Toyota, which estimates it will make about a third fewer cars this year than it has the capacity to build, said last month it will close an assembly line at its Takaoka plant in central Japan. The carmaker plans to cut capital spending by 36 percent in the year ending March 31.

Spending cuts by electronics makers are taking a toll on companies such as Ishii Hyoki Co., a Hiroshima-based producer of equipment used to make circuit boards. The company, which had forecast earnings of 579 million yen, said last week it’s now expecting a 393 million yen loss.

‘Isn’t Much Demand’

“Orders are down and at this point it’s hard to make a forecast,” said company spokesman Hironobu Seo. “Our customers are running below capacity, so there isn’t much demand for new equipment.”

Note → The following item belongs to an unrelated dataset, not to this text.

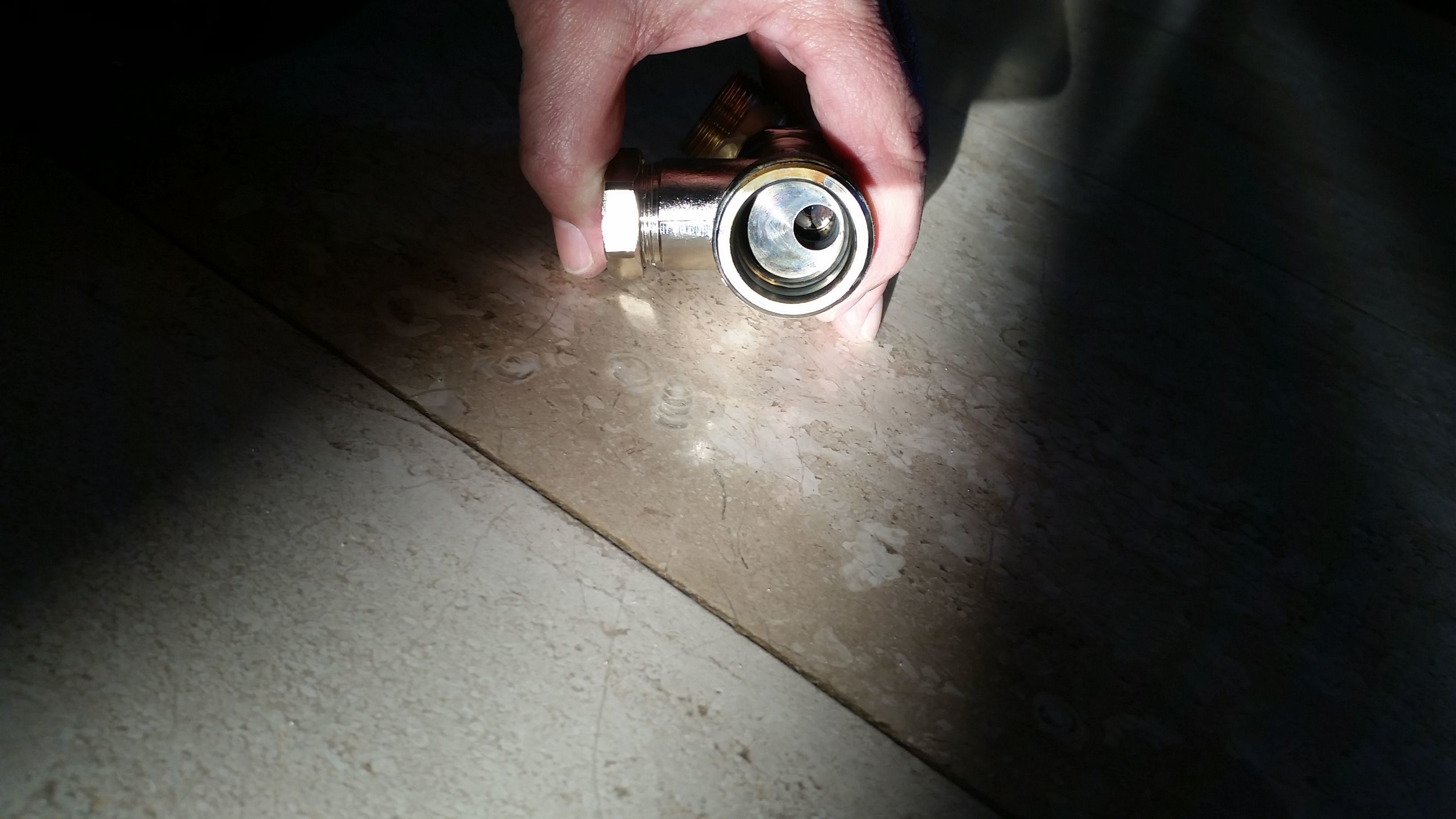 Uiteindelijk de boel opengeschroefd en zowel voetventiel als thermostaat bleken een veel te nauwe opening te hebben in de volledig open stand, zie foto: leidingen 22mm en opening 9,3 mm.
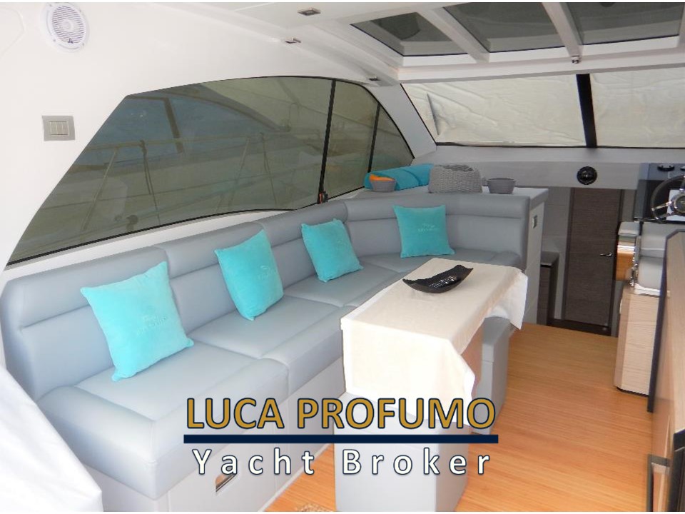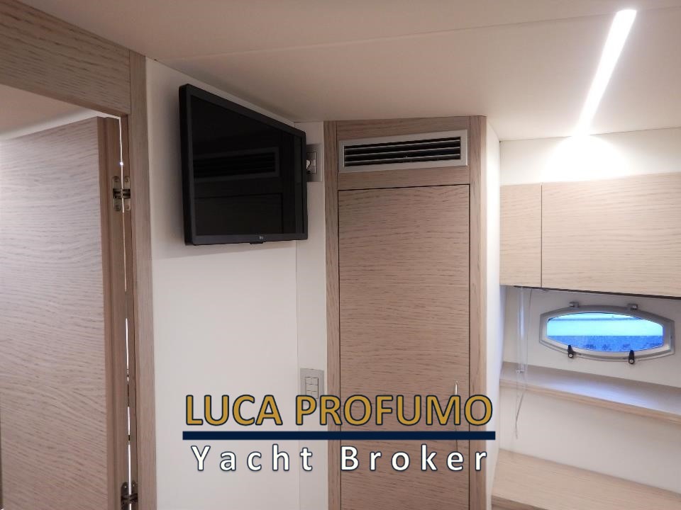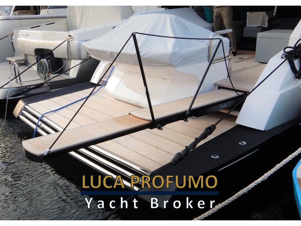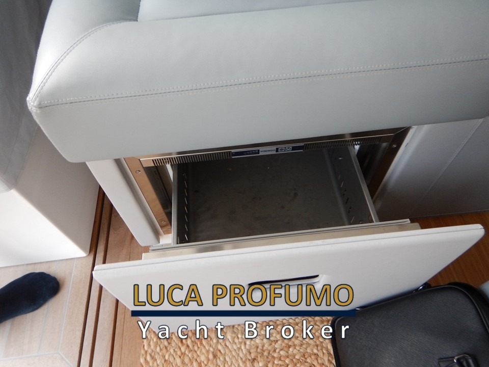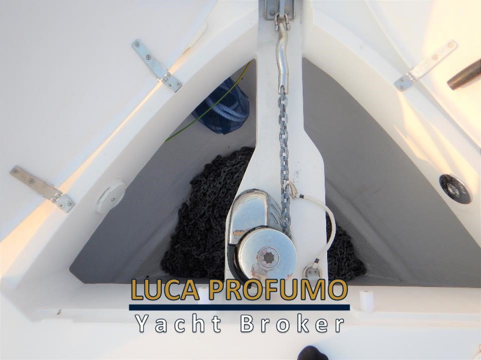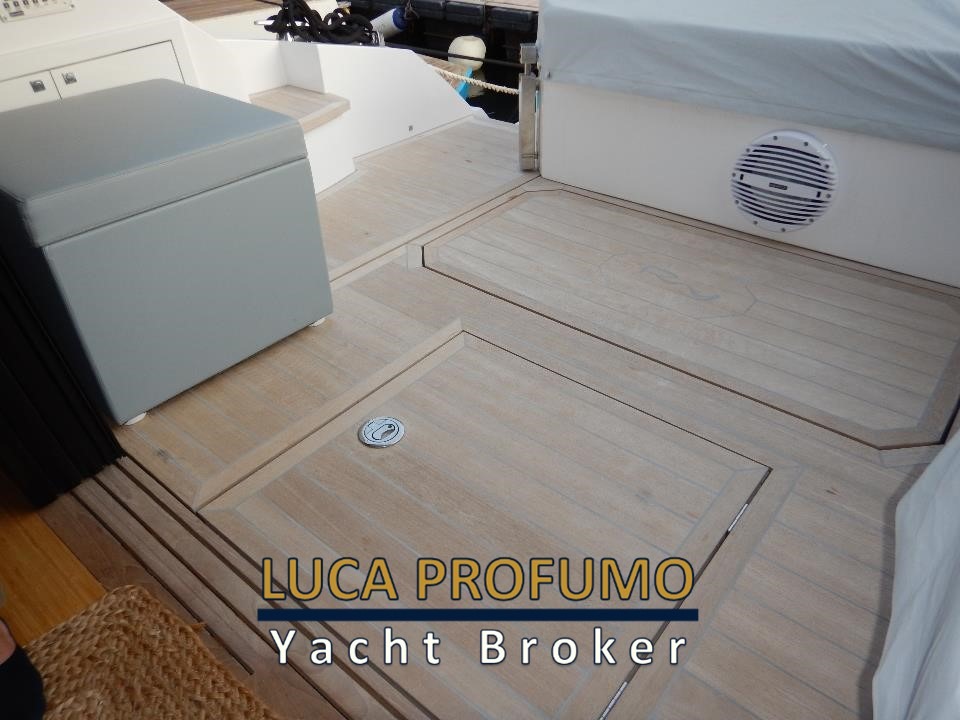 Elica di prua Sidepower 185, passerella a scomparsa, plancetta tender lift 600 kg., hard top apribile, tendalino elettrico pozzetto, tavolo pozzetto a scomparsa con movimentazione elettrica, pozzetto in teak, climatizzatore caldo/freddo, impianto TV con TV LCD, n.3 TV, Impianto stereo FUSION con altoparlanti salone pozzetto e prendisole a prua, WC Tecma, inverter 800 watts,

Corporate cost cuts have also hurt Japan’s workers, darkening the outlook for retailers including Seven & I Holdings Co., which last month lowered its profit forecast and said it may close 20 supermarkets. Wages slumped 4.8 percent in July after an unprecedented 7 percent drop the previous month.

Orders by service companies dropped 2.8 percent, today’s report showed. Bookings by government agencies rose 25 percent.

Companies plan to cut capital spending 9.2 percent this fiscal year, a survey published last month by the Development Bank of Japan showed. Reductions by manufacturers will be the steepest since 1993. Business investment last year accounted for 15 percent of Japan’s economy.